**WHAT TO WORK ON**.
What you return must match, exactly, the lines running from the one containing "在穿上襪子和鞋子之前,亦可將" to the end of the data, both included, and must contain no pictures.

**DATA**.

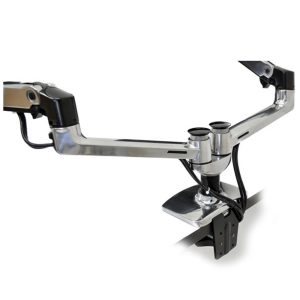 Durable polished aluminum construction! Create a fully adjustable side-by-side configuration that lifts both LCD screens up to where they’re easier to see while reclaiming valuable worksurface.
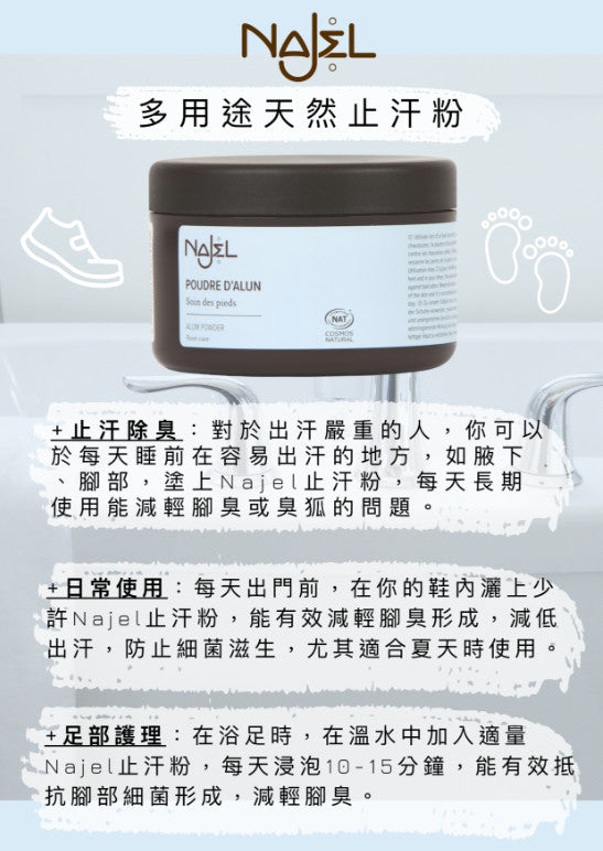 在穿上襪子和鞋子之前,亦可將 Najel止汗粉直接灑在鞋子內或腳上以減低腳汗排出,同時減輕腳臭。建議在夏季赤腳穿的鞋子中也可使用此法。
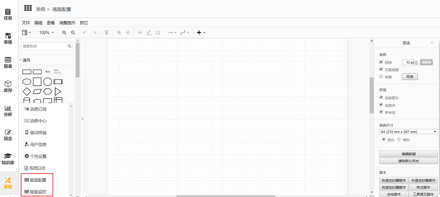 • 自行配置则可以在文件选项中选择新建,在左边通用栏选择图形或文本框,在画面栏进行自由配置。

**SOLVED EXERCISE**.
 在穿上襪子和鞋子之前,亦可將 Najel止汗粉直接灑在鞋子內或腳上以減低腳汗排出,同時減輕腳臭。建議在夏季赤腳穿的鞋子中也可使用此法。
 • 自行配置则可以在文件选项中选择新建,在左边通用栏选择图形或文本框,在画面栏进行自由配置。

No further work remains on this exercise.